- _Task instructions_:
Down to the last line, print the data that follows exactly, without its pictures.

- _Stored dataset items_:
____________

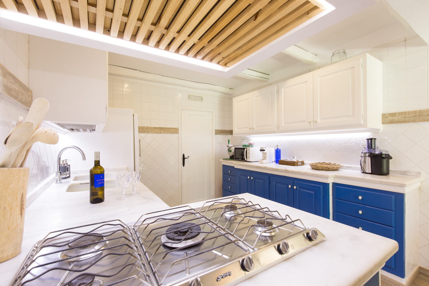 Le salon d’été, spacieux et baigné de lumière, évoque les plages sauvages de l’île blanche, invitant à de véritables moments de détente en famille ou entre amis. La cuisine ouverte, entièrement équipée, ravira les esprits gourmets désireux de préparer des repas aux saveurs méditerranéennes dans un cadre convivial.
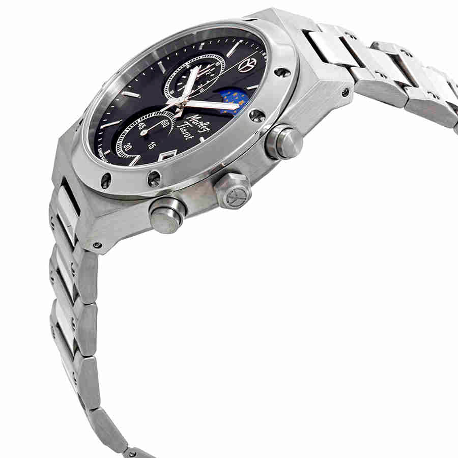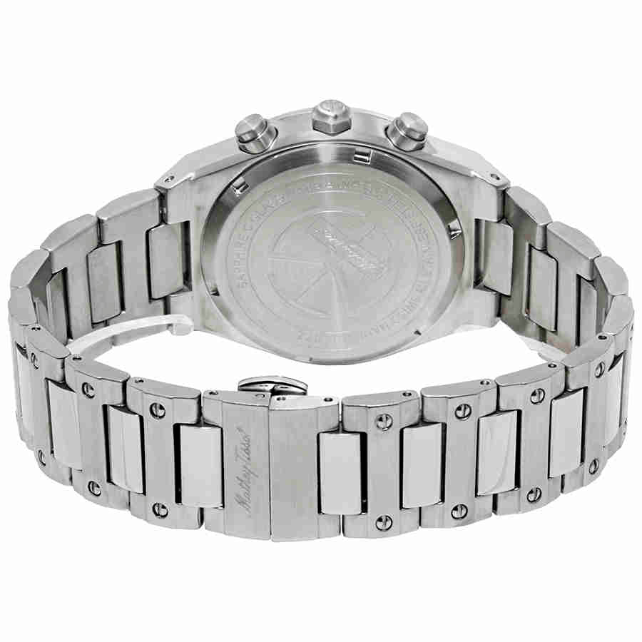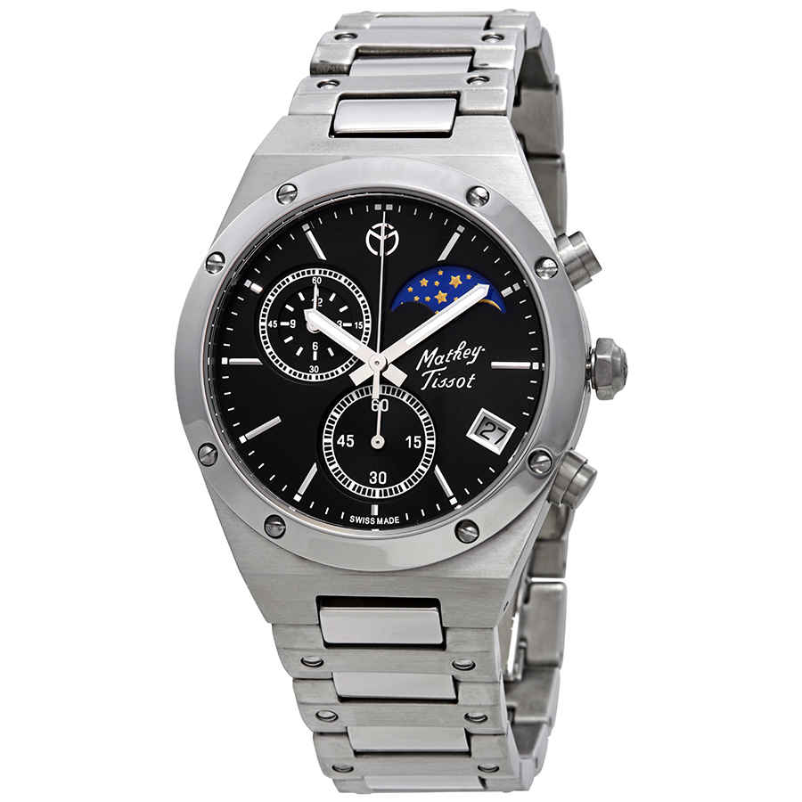 Silver-tone stainless steel case with a silver-tone stainless steel bracelet. Fixed silver-tone stainless steel bezel. Black dial with gold-tone hands and index hour markers. Minute markers around the outer rim. Dial...
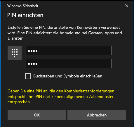 ich sitze bei einem Bekannten, der Probleme beim Upgrade auf 1809 hatte. Er hatte vor dem Upgrade ein Offline Konto und den Rechner mit der PIN "0000" gesperrt. Jetzt erfolgreich auf 1809 aktualisiert, online Konto angelegt und die PIN war weg. Er musste sich mit dem Kennwort anmelden. Danach habe ich ihm die PIN wieder einrichten wollen, aber Windows sagt nun immer dass die PIN zu einfach sei. Weiß jemand eine Lösung?
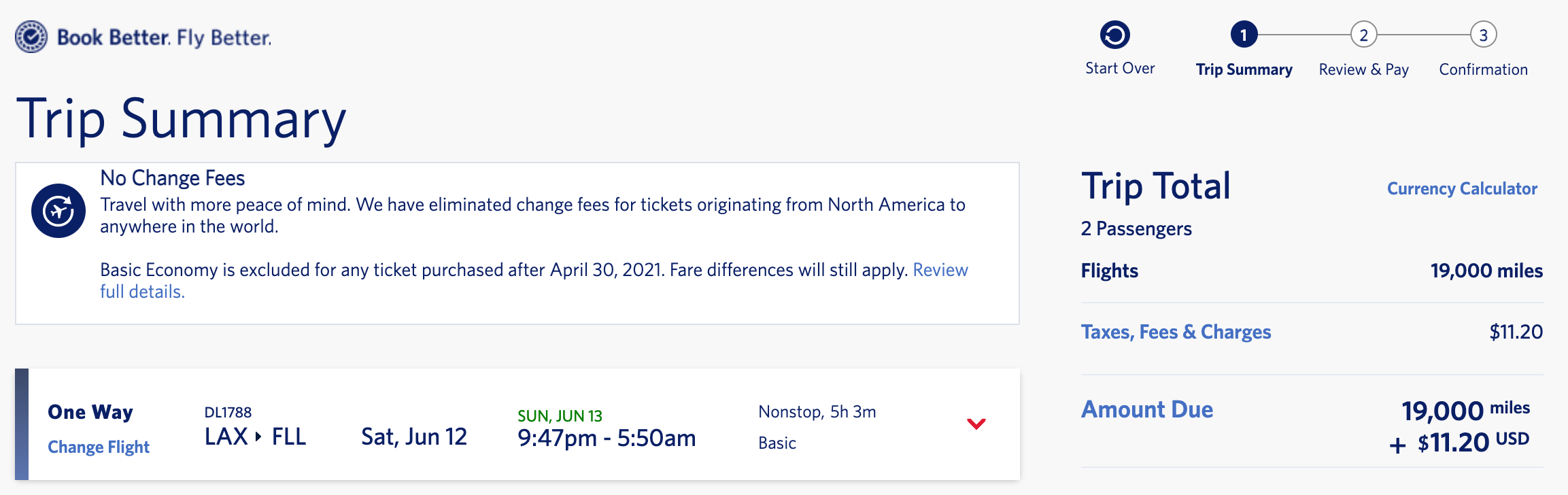 But instead, I opted to transfer American Express Membership Rewards points directly to Delta at a 1:1 ratio and book each ticket for 9,500 miles. We value SkyMiles at just 1.1 cents each here at TPG — so my 9,500-mile redemption per ticket earned me a higher value of 1.5 cents per mile.
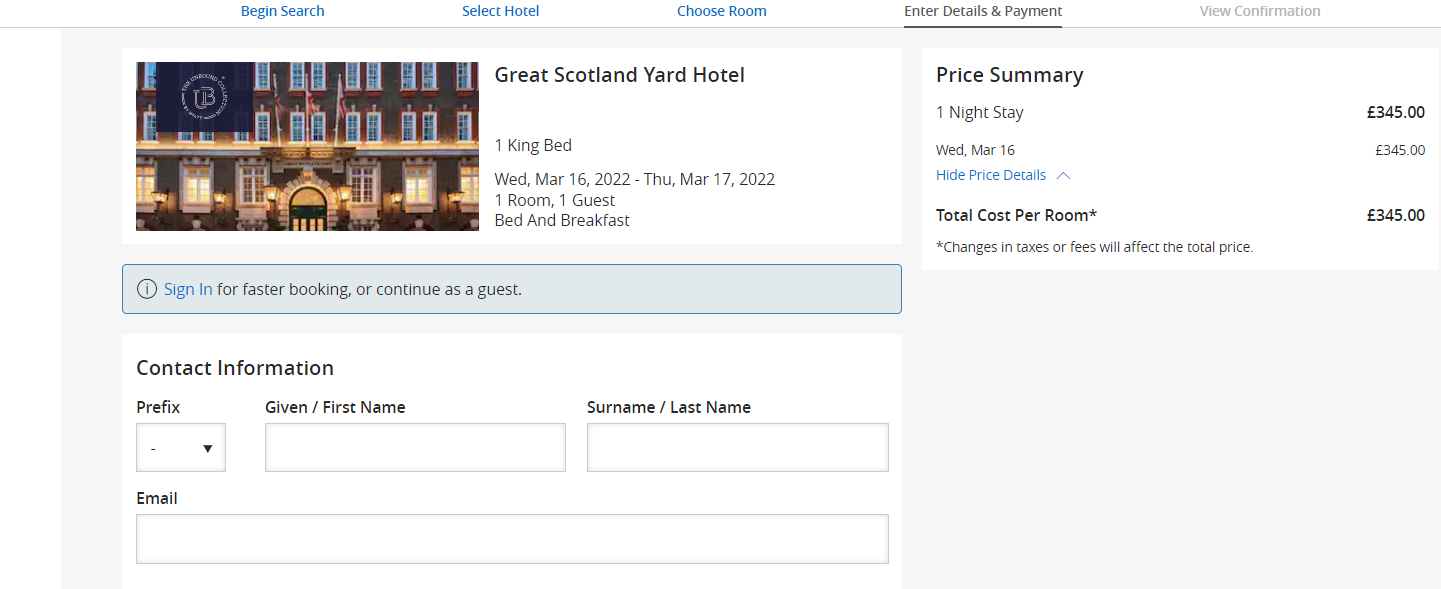 Here's what the booking engine looks like. The only place they list the fee is if you click on the 'read more' dropdown on the initial pricing page.
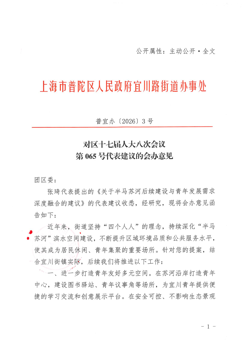 张琦代表提出的《关于半马苏河后续建设与青年发展需求深度融合的建议》的代表建议收悉,经研究,现将会办意见函告如下:
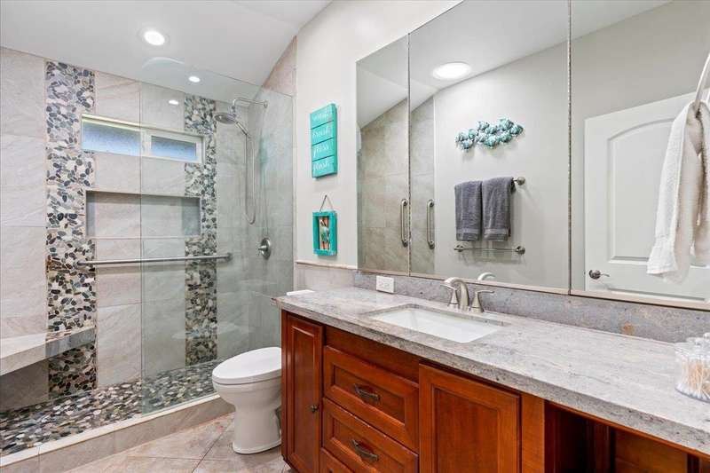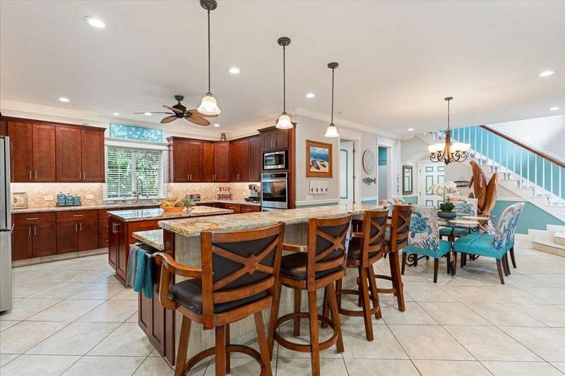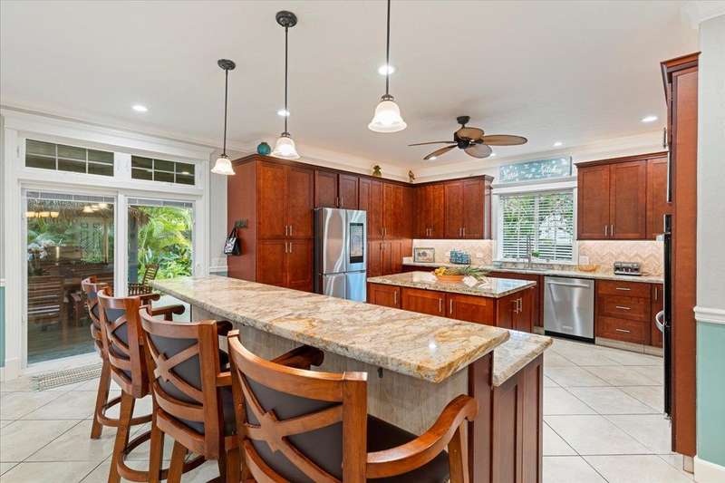 Maui Meadows at its finest: Sweeping ocean views from Molokini & Kaho‘olawe to Lana‘i, and the West Maui Mountains set the stage for this fully remodeled Maui Meadows retreat. The half-acre estate features an in-ground saline pool accompanied by a stone waterfall, a vibrant koi pond, & lush tropical landscaping. The open-concept main residence includes a gourmet kitchen, outdoor kitchen with BBQ and flat grill. The spacious primary suite offers an ocean view jacuzzi on the private lanai and spa-like ensuite bath, thoughtfully positioned away from the additional four bedrooms for even more privacy. Car enthusiasts will appreciate the 4-car attached garage plus a separate 2-car detached garage. Two private rental dwellings offer income potential or guest accommodations. Split-system a/c in all rooms and the PV panels on all the dwelling keep electricity costs in check. Luxury, privacy, and versatility in one of South Maui’s most sought-after neighborhoods. Call your favorite Realtor to schedule your private showing.
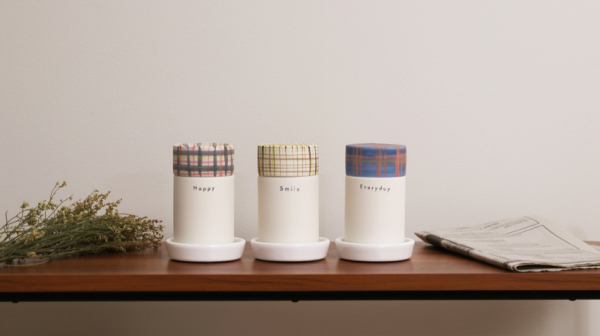 やさしい色合いのチェック柄の蓋がちょこんと乗った可愛い陶器のカップ。

____________

- _Problem solution_:
 Le salon d’été, spacieux et baigné de lumière, évoque les plages sauvages de l’île blanche, invitant à de véritables moments de détente en famille ou entre amis. La cuisine ouverte, entièrement équipée, ravira les esprits gourmets désireux de préparer des repas aux saveurs méditerranéennes dans un cadre convivial.
 Silver-tone stainless steel case with a silver-tone stainless steel bracelet. Fixed silver-tone stainless steel bezel. Black dial with gold-tone hands and index hour markers. Minute markers around the outer rim. Dial...
 ich sitze bei einem Bekannten, der Probleme beim Upgrade auf 1809 hatte. Er hatte vor dem Upgrade ein Offline Konto und den Rechner mit der PIN "0000" gesperrt. Jetzt erfolgreich auf 1809 aktualisiert, online Konto angelegt und die PIN war weg. Er musste sich mit dem Kennwort anmelden. Danach habe ich ihm die PIN wieder einrichten wollen, aber Windows sagt nun immer dass die PIN zu einfach sei. Weiß jemand eine Lösung?
 But instead, I opted to transfer American Express Membership Rewards points directly to Delta at a 1:1 ratio and book each ticket for 9,500 miles. We value SkyMiles at just 1.1 cents each here at TPG — so my 9,500-mile redemption per ticket earned me a higher value of 1.5 cents per mile.
 Here's what the booking engine looks like. The only place they list the fee is if you click on the 'read more' dropdown on the initial pricing page.
 张琦代表提出的《关于半马苏河后续建设与青年发展需求深度融合的建议》的代表建议收悉,经研究,现将会办意见函告如下:
 Maui Meadows at its finest: Sweeping ocean views from Molokini & Kaho‘olawe to Lana‘i, and the West Maui Mountains set the stage for this fully remodeled Maui Meadows retreat. The half-acre estate features an in-ground saline pool accompanied by a stone waterfall, a vibrant koi pond, & lush tropical landscaping. The open-concept main residence includes a gourmet kitchen, outdoor kitchen with BBQ and flat grill. The spacious primary suite offers an ocean view jacuzzi on the private lanai and spa-like ensuite bath, thoughtfully positioned away from the additional four bedrooms for even more privacy. Car enthusiasts will appreciate the 4-car attached garage plus a separate 2-car detached garage. Two private rental dwellings offer income potential or guest accommodations. Split-system a/c in all rooms and the PV panels on all the dwelling keep electricity costs in check. Luxury, privacy, and versatility in one of South Maui’s most sought-after neighborhoods. Call your favorite Realtor to schedule your private showing.
 やさしい色合いのチェック柄の蓋がちょこんと乗った可愛い陶器のカップ。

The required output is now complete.